What you are asked to do: Only one stretch of the data should be retyped: the lines from the line containing "- 특징: 스테인리스" through the line containing "With those words, Reba". Keep pictures out of it.

Records supplied:
◇ ◇ ◇ ◇ ◇

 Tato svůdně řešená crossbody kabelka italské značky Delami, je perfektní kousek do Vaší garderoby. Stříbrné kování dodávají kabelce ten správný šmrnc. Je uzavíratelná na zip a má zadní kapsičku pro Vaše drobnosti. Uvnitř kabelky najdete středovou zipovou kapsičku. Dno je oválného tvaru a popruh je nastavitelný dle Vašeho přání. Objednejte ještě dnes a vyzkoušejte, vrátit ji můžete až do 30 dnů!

◇ ◇ ◇ ◇ ◇

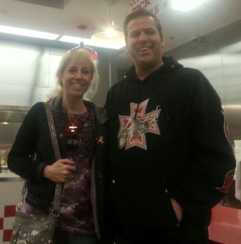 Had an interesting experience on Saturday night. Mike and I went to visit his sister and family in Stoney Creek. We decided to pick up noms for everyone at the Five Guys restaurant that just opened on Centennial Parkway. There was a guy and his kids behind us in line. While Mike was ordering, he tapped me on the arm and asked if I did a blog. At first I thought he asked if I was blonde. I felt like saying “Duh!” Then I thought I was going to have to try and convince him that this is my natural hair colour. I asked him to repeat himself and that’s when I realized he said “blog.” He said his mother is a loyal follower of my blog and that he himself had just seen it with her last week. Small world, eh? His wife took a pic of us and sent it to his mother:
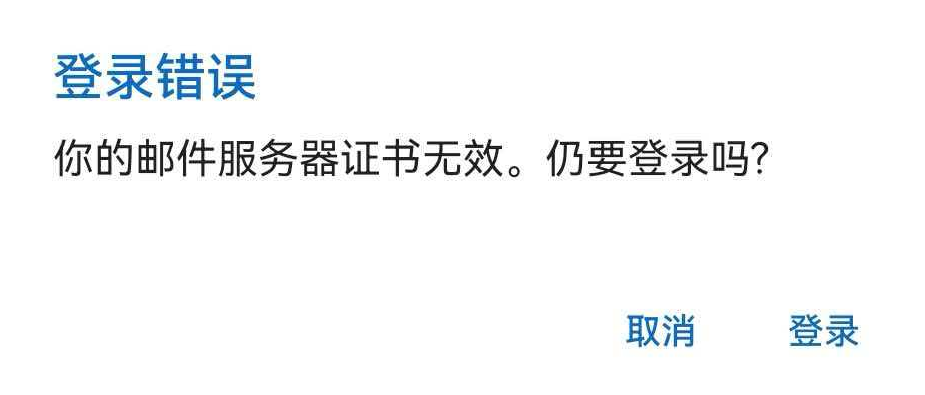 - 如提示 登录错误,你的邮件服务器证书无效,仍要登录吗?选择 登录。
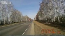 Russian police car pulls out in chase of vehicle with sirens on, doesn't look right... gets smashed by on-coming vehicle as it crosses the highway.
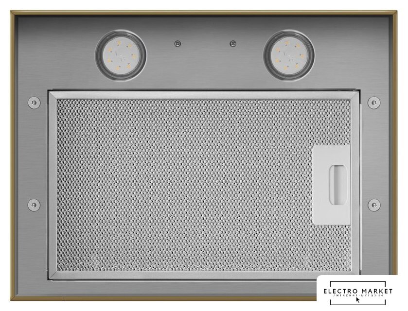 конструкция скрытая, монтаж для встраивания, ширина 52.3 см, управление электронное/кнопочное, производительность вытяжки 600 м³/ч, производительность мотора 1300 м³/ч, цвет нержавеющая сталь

◇ ◇ ◇ ◇ ◇

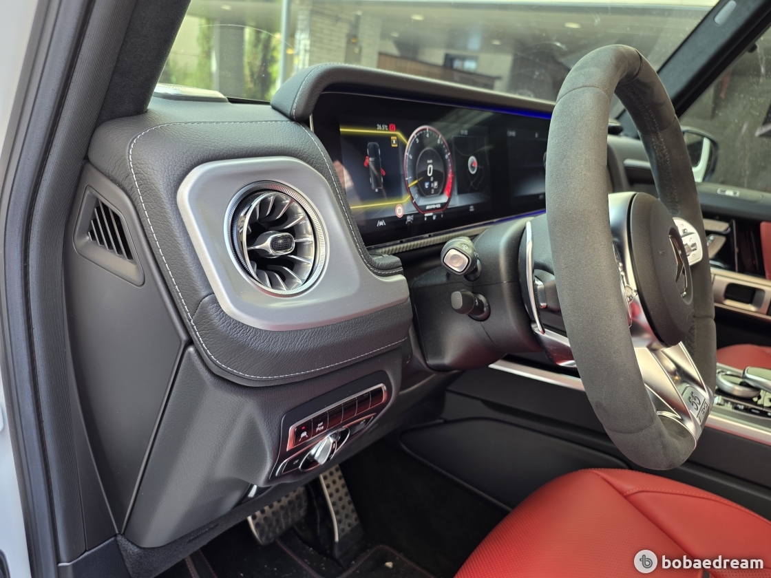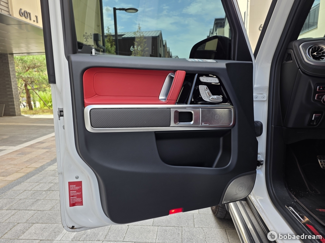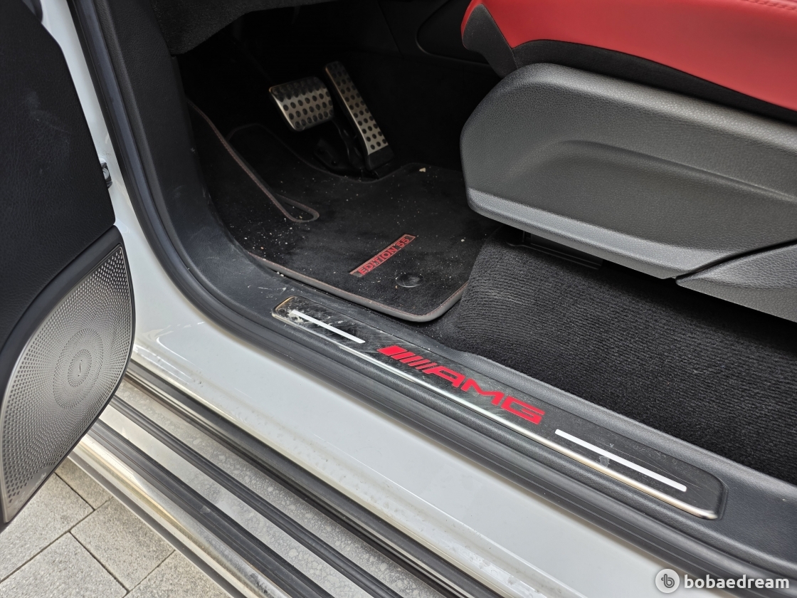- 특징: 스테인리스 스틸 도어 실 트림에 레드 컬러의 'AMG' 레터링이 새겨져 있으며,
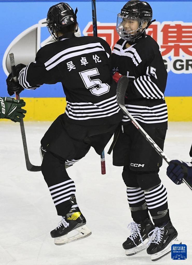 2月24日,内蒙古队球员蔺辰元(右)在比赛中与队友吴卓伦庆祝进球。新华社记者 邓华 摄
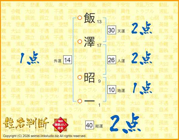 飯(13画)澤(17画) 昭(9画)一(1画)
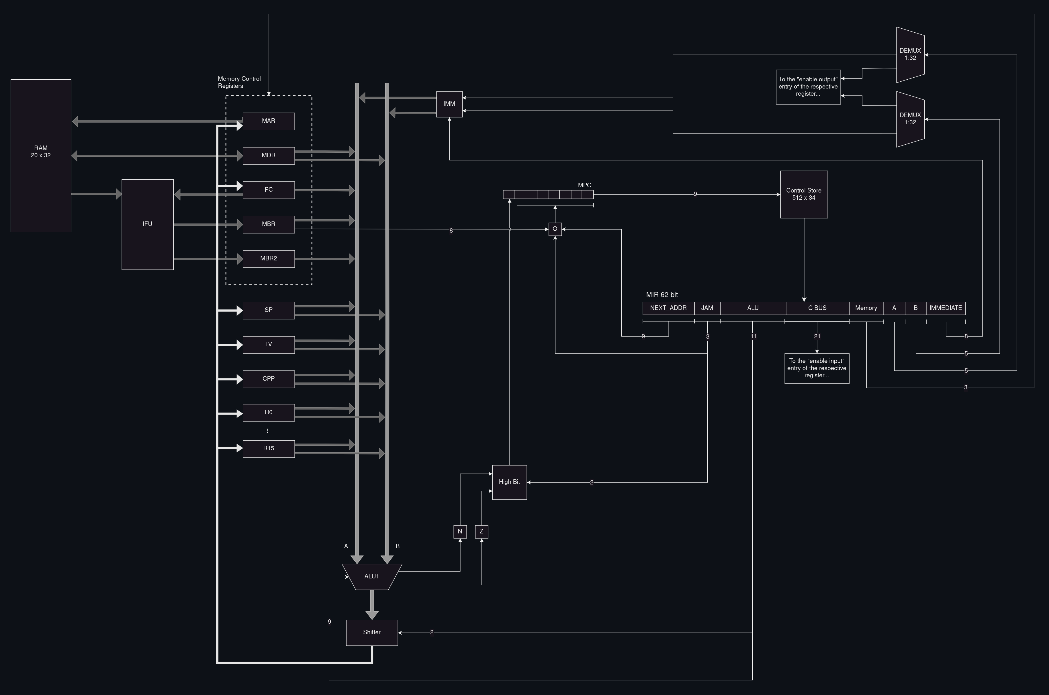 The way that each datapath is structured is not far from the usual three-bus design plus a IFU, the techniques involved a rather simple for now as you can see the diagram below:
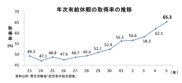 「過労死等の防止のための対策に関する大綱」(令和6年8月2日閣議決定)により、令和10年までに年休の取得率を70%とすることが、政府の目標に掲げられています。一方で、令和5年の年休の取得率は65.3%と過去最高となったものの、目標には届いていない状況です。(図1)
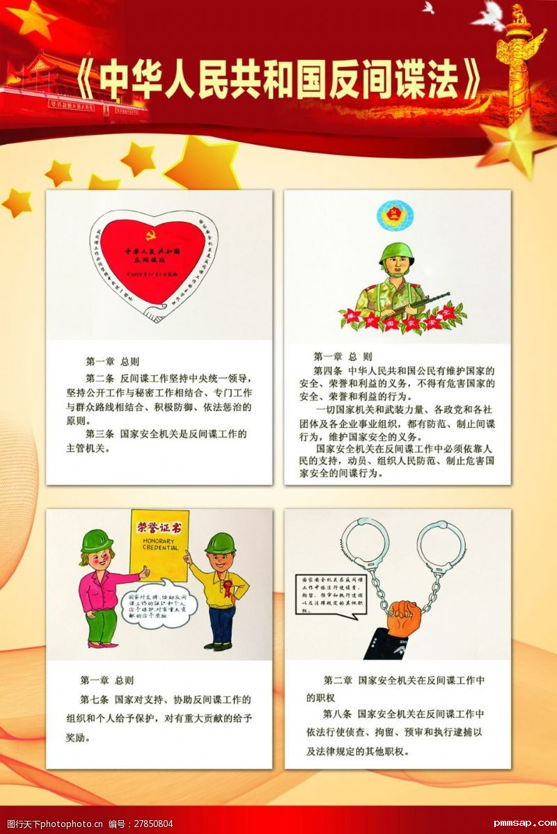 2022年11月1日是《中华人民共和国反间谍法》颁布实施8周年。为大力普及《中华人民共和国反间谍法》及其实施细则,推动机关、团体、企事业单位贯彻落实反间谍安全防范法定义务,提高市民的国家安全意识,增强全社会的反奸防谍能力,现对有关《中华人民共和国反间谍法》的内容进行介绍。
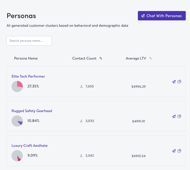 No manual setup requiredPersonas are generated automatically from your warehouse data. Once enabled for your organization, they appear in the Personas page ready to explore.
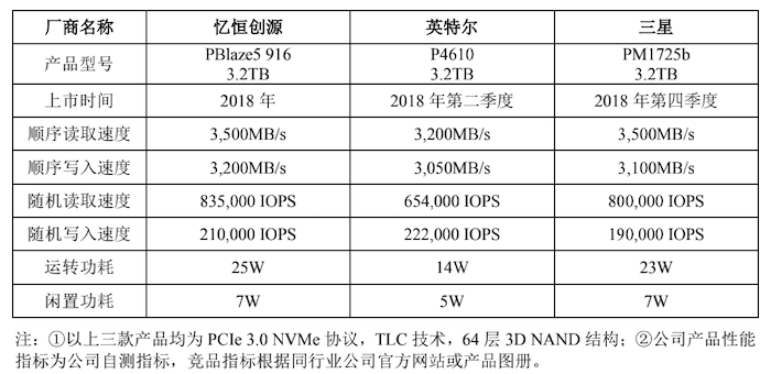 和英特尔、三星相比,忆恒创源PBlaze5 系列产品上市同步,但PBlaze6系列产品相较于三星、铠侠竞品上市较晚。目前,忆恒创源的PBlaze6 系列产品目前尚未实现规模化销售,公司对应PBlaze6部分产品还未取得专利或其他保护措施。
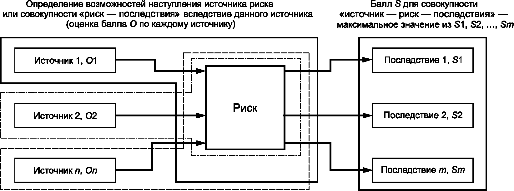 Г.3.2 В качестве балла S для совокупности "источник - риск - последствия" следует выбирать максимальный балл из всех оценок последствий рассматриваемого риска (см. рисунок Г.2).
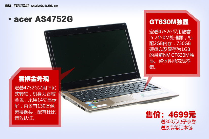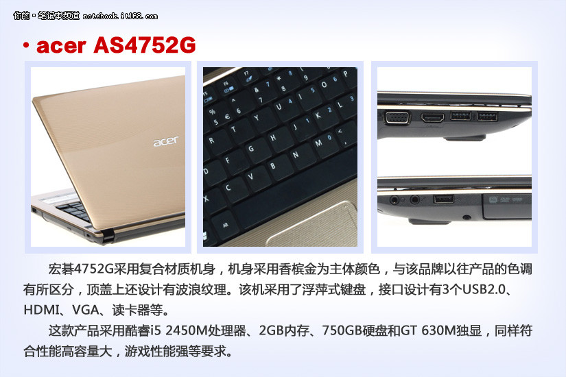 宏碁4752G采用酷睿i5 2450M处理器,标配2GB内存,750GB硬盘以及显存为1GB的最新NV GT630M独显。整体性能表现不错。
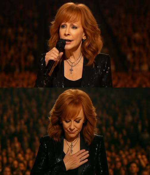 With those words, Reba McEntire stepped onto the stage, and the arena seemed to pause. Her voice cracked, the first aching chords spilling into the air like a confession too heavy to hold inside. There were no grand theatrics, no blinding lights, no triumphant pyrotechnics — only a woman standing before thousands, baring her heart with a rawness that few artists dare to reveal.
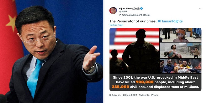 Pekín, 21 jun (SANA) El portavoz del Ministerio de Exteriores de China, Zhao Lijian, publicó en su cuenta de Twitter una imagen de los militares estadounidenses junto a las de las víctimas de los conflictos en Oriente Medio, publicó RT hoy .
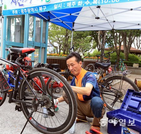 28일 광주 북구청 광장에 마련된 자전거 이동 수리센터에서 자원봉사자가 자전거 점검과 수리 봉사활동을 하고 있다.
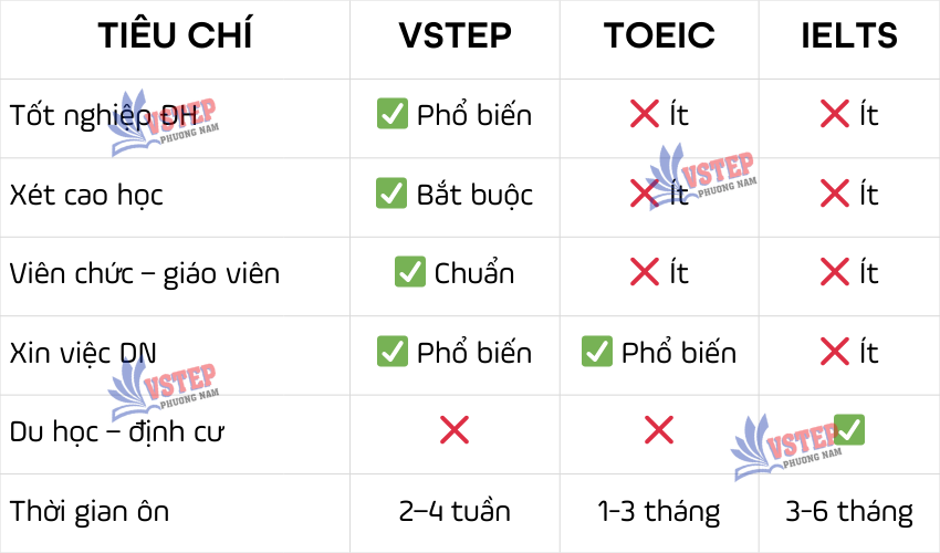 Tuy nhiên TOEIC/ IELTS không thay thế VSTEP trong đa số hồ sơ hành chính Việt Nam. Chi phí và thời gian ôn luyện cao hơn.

◇ ◇ ◇ ◇ ◇

Result for this task:
- 특징: 스테인리스 스틸 도어 실 트림에 레드 컬러의 'AMG' 레터링이 새겨져 있으며,
 2月24日,内蒙古队球员蔺辰元(右)在比赛中与队友吴卓伦庆祝进球。新华社记者 邓华 摄
 飯(13画)澤(17画) 昭(9画)一(1画)
 The way that each datapath is structured is not far from the usual three-bus design plus a IFU, the techniques involved a rather simple for now as you can see the diagram below:
 「過労死等の防止のための対策に関する大綱」(令和6年8月2日閣議決定)により、令和10年までに年休の取得率を70%とすることが、政府の目標に掲げられています。一方で、令和5年の年休の取得率は65.3%と過去最高となったものの、目標には届いていない状況です。(図1)
 2022年11月1日是《中华人民共和国反间谍法》颁布实施8周年。为大力普及《中华人民共和国反间谍法》及其实施细则,推动机关、团体、企事业单位贯彻落实反间谍安全防范法定义务,提高市民的国家安全意识,增强全社会的反奸防谍能力,现对有关《中华人民共和国反间谍法》的内容进行介绍。
 No manual setup requiredPersonas are generated automatically from your warehouse data. Once enabled for your organization, they appear in the Personas page ready to explore.
 和英特尔、三星相比,忆恒创源PBlaze5 系列产品上市同步,但PBlaze6系列产品相较于三星、铠侠竞品上市较晚。目前,忆恒创源的PBlaze6 系列产品目前尚未实现规模化销售,公司对应PBlaze6部分产品还未取得专利或其他保护措施。
 Г.3.2 В качестве балла S для совокупности "источник - риск - последствия" следует выбирать максимальный балл из всех оценок последствий рассматриваемого риска (см. рисунок Г.2).
 宏碁4752G采用酷睿i5 2450M处理器,标配2GB内存,750GB硬盘以及显存为1GB的最新NV GT630M独显。整体性能表现不错。
 With those words, Reba McEntire stepped onto the stage, and the arena seemed to pause. Her voice cracked, the first aching chords spilling into the air like a confession too heavy to hold inside. There were no grand theatrics, no blinding lights, no triumphant pyrotechnics — only a woman standing before thousands, baring her heart with a rawness that few artists dare to reveal.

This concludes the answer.